Yesterday I was at the range with my G22 and touched off 100 rounds of S&B 180gr. Towards the end of my shooting, probably within the last 15 rounds or so, I had two FTFs almost back-to-back where the previous spent case ejected properly but the fresh round hung up on the case mouth at the entrance to the chamber. At that point in my shooting I also noticed I was getting tired and losing concentration. This same scenario also happened the prior week where I had one FTF toward the end of 100 rounds of shooting. Prior to that I had about 500 rounds through the gun with no problems. In each case I was using only a single (Glock) magazine which was relatively new. The gun itself is also relatively new and the recoil spring is still strong and working properly.

My question is, if indeed I was fatigued and not concentrating enough to have limp-wristed those rounds, would that have caused the FTFs that I described or should I suspect the magazine or ammo? In each situation the case ejected cleanly but the next round did not feed fully into the chamber.


----------



## hillman (Jul 27, 2014)

I think limp-wrist is more likely to cause FTE, often stovepipes. I don't know what ammo you were using. Bullet lube such as Alox has gummed up chambers enough so that cartidges won't fully seat.


----------



## Blackhawkman (Apr 9, 2014)

Are you shooting factory ammo or reloads?
IF reloads--not enough crimp, OAL & limp wristing, dirty chamber, bullet ogive. fwiw


Sent from my iPhone using Tapatalk


----------



## Blackhawkman (Apr 9, 2014)

After re reading yer post I have found that Sellier & Bellot ammo is dirty and poor'er ammo. I won't use S&B ammo as it has caused FTF issues in my Glocks and others. I use Federal Eagle or Winchester & my reloads!

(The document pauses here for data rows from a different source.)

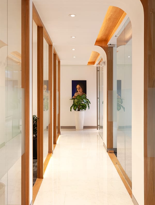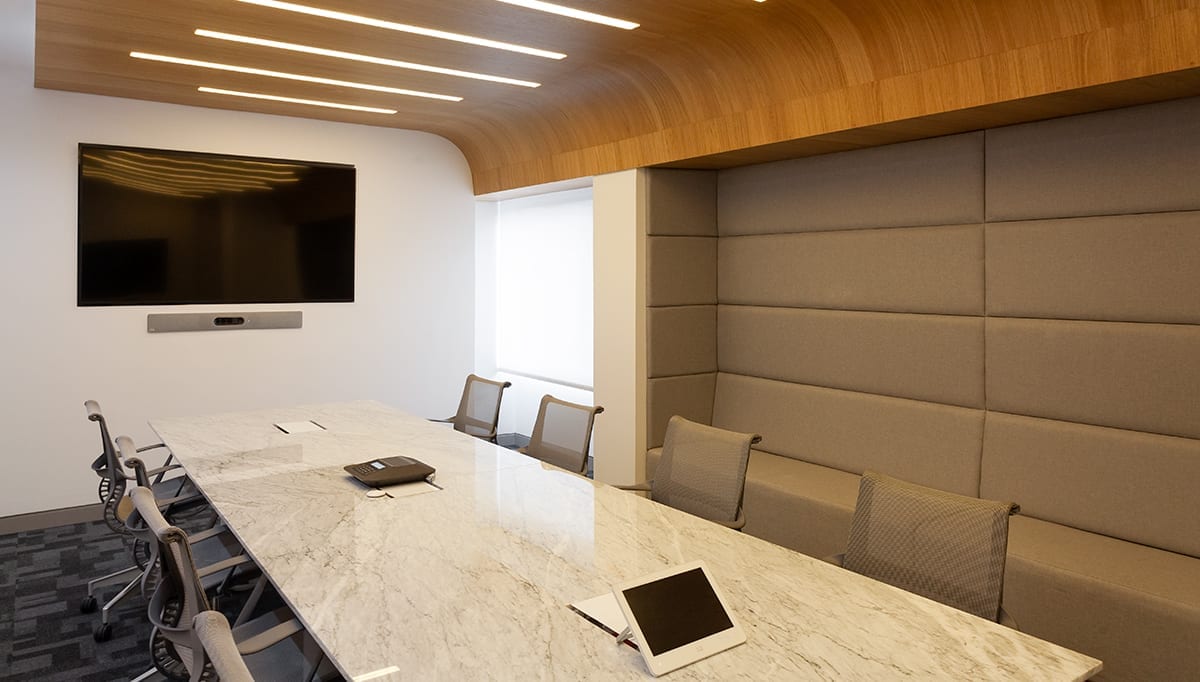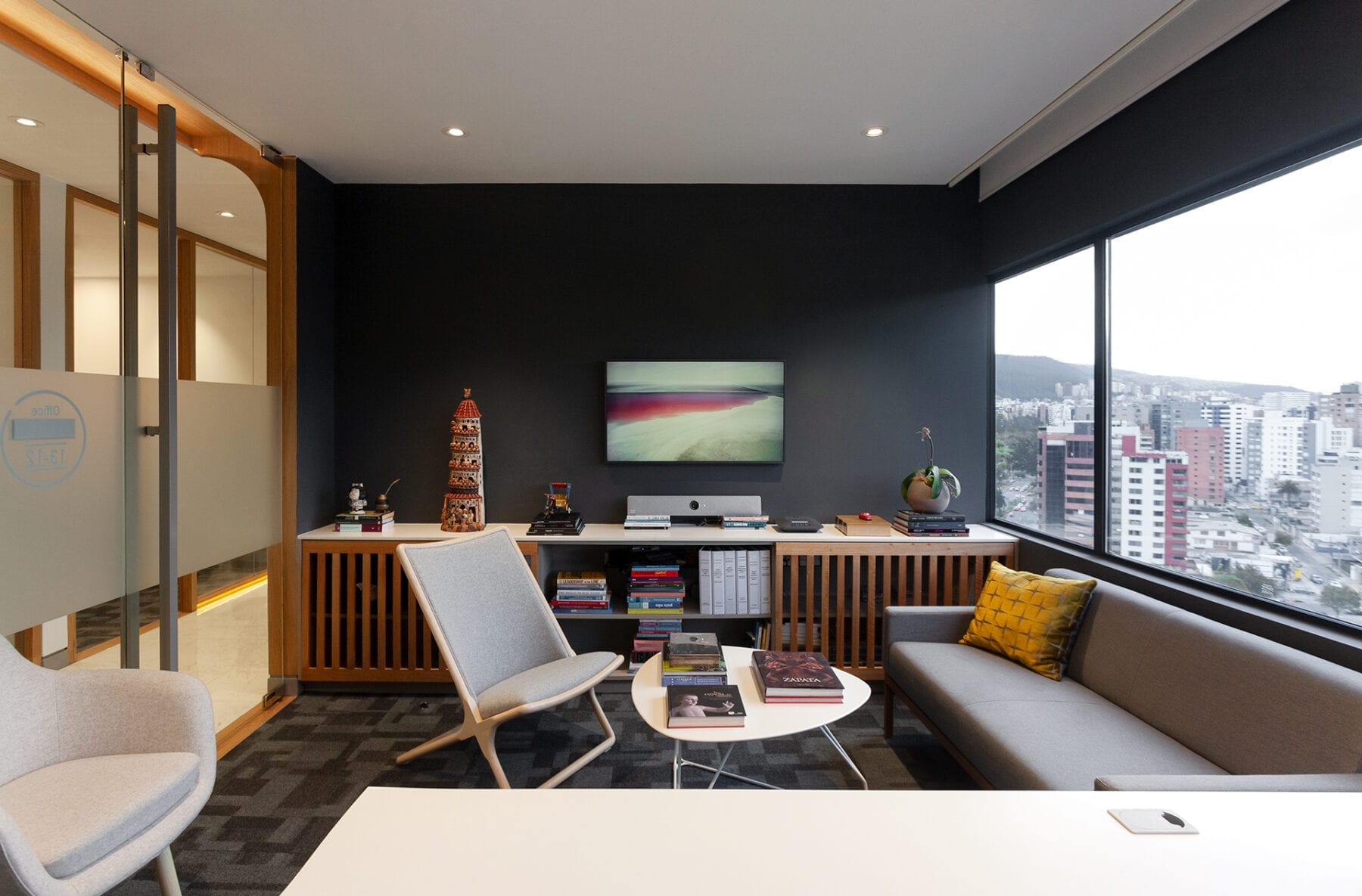 The project has individual offices with transparency for a conventional use of natural light and social and community areas for the well-being of the workers. As part of this project, several elements, and materials such as wood were implemented to warm the space and create a spatial configuration with indirect light and some walls were used to display art. In addition, the subtle materials implemented in the offices in addition to the curved elements allow for a nice visual relationship between spaces and it creates an open and unified environment.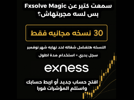 لو سمعت عن مؤشرات FxSolve Magic V4 وشايف نتائجها وانتشارها بين المتداولين، دلوقتي وقت التجربة الحقيقية…فرصة محدودة إنك تشوف قوتها بنفسك خصوصًا على الذهب 🥇🔥 🎁 تفاصيل العرض • 30 نسخة فقط• مجانًا بالكامل• تعمل حتى نهاية شهر نوفمبر• بدون أي التزامات• سجل بدري = تستخدمها مدة أطول ✅ 🎯 ليه الناس بتجرب المؤشرات؟ لإنها: ✔️ بتحدد الاتجاه بدقة✔️ بتكشف مناطق السيولة✔️ بتصفي الإشارات✔️ بتقوي …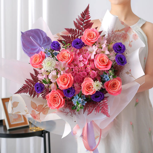 蝶嶼情書|紫霞仙子氣場玫瑰混搭鮮花束定價 HK$598.00定價單價 每-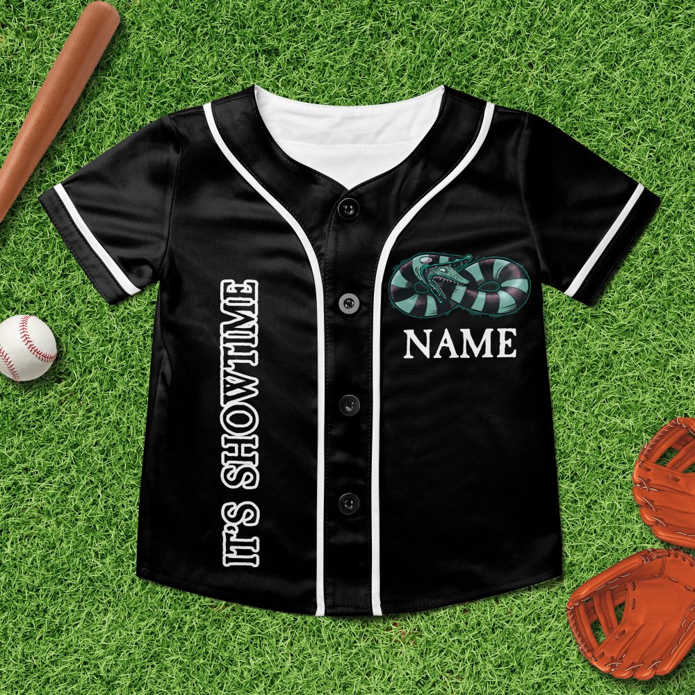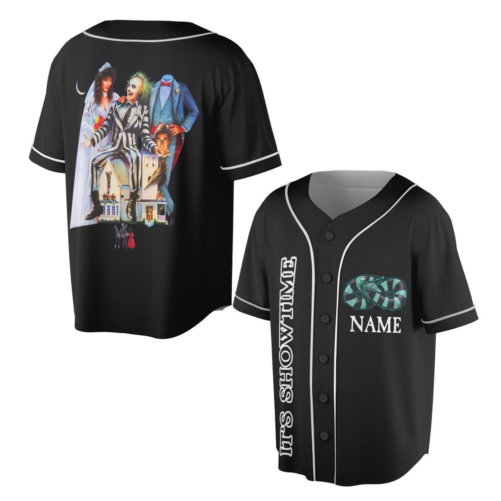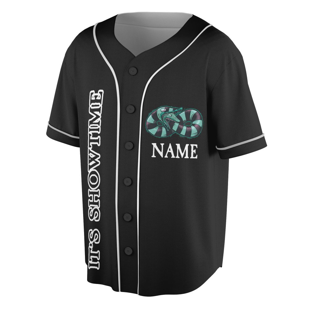 Be the first to review “Custom Horror-Themed Baseball Jersey – It’S Showtime Graphic Tee For Fans”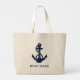 Nautical Navy Blue Anchor Boat Name Custom Large Tote Bag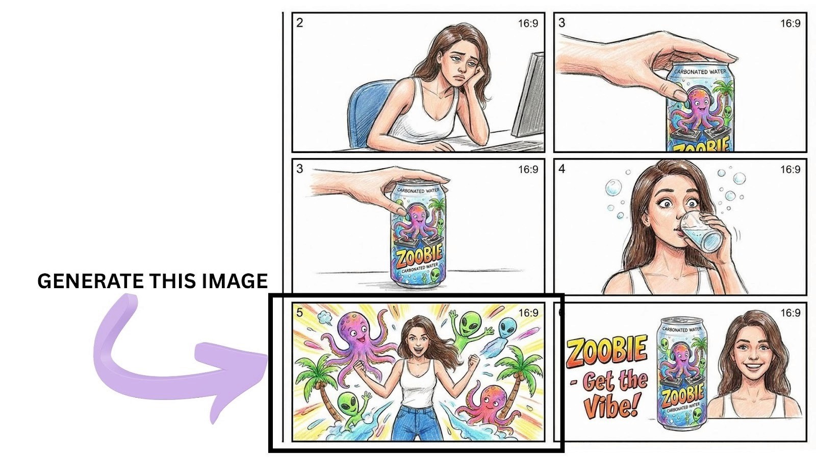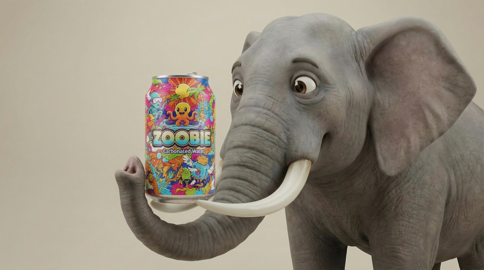 Result: The model keeps the brand name (e.g., "ZOOBIE") perfectly intact while generating a photorealistic background.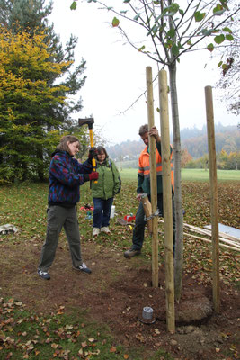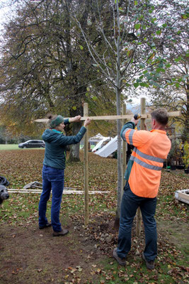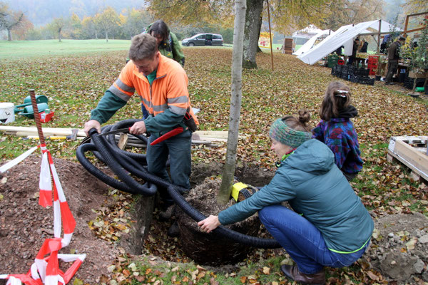 Inzwischen ist der kommunale Wahlkampf in Zofingen abgeschlossen und die SP konnte das benötigte Geld zusammentragen, um der Stadt die Sommerlinde übergeben zu können. Deshalb wurde in enger Absprache mit dem städtischen Werkhof ein geeigneter Standort evaluiert. Die bevorzugte Lösung für die SP wäre es gewesen, die Linde irgendwo direkt im Siedlungsraum anzupflanzen, wo sie die direkteste Wirkung hätte entfalten können. Es sind zurzeit zwar verschiedene städtische Bauprojekte in Planung, welche zusätzliche Bäume umfassen. Die früheste Möglichkeit, die SP-Linde effektiv einpflanzen zu können, hätte sich aber erst in rund einem Jahr an der Oberen Mühlemattstrasse ergeben. Die Perspektive, den Baum während der kommenden Monate im Topf weiterpflegen zu müssen, bis dieses Bauprojekt auf dem entsprechenden Stand gewesen wäre, erschien allerdings suboptimal. Es wurde deshalb entschieden, für die Sommerlinde einen Standort auf dem Heitern zu wählen: So sollte sie benutzt werden, um eine Lücke in der Baumreihe am Nordrand der Stichstrasse auf den Heiternplatz zu schliessen. Just zu Beginn des gleichenorts stattfindenden Reutenmarkts wurde das Ansinnen in die Tat umgesetzt: Unter der fachkundigen Anleitung von Einwohner- und Grossrat Michael Wacker, seines Zeichens Fachmann für naturnahmen Gartenbau, nahmen Franziska Kremer, Hansruedi Sommer, Yvonne Lehmann, Elisa Scheidegger und Laura Kerstjens, welche alle am 28. Oktober 2025 (wieder) in den Einwohnerrat gewählt worden waren, das Unterfangen an die Hand. Dabei wurde die Sommerlinde nicht einfach nur eingepflanzt, sondern zusätzlich mit einem Bewässerungssystem und einer Dreipfahlstütze versehen, um ihr Gedeihen am neuen Standort optimal zu unterstützen. Die SP Zofingen freut sich, dass so aus etwas normalerweise so kurzlebigem, wie einem kommunalen Wahlkampf, etwas erwachsen konnte, was der Stadt Zofingen hoffentlich über Jahrzehnte einen Nutzen bringen kann und dankt allen Spendenden ganz herzlich, welche dieses Geschenk an die Stadt überhaupt erst möglich gemacht haben! (CN)

Sent from my iPhone using Tapatalk


----------



## RolandD (Apr 28, 2016)

Short answer, yes it's very possible that fatigue was the underlying cause. More probable it was a combination of the gun being dirty and fatigue. I wouldn't sweat it.


----------



## berettatoter (Sep 1, 2011)

Blackhawkman said:


> After re reading yer post I have found that Sellier & Bellot ammo is dirty and poor'er ammo. I won't use S&B ammo as it has caused FTF issues in my Glocks and others. I use Federal Eagle or Winchester & my reloads!
> 
> Sent from my iPhone using Tapatalk


....and hard primers.


----------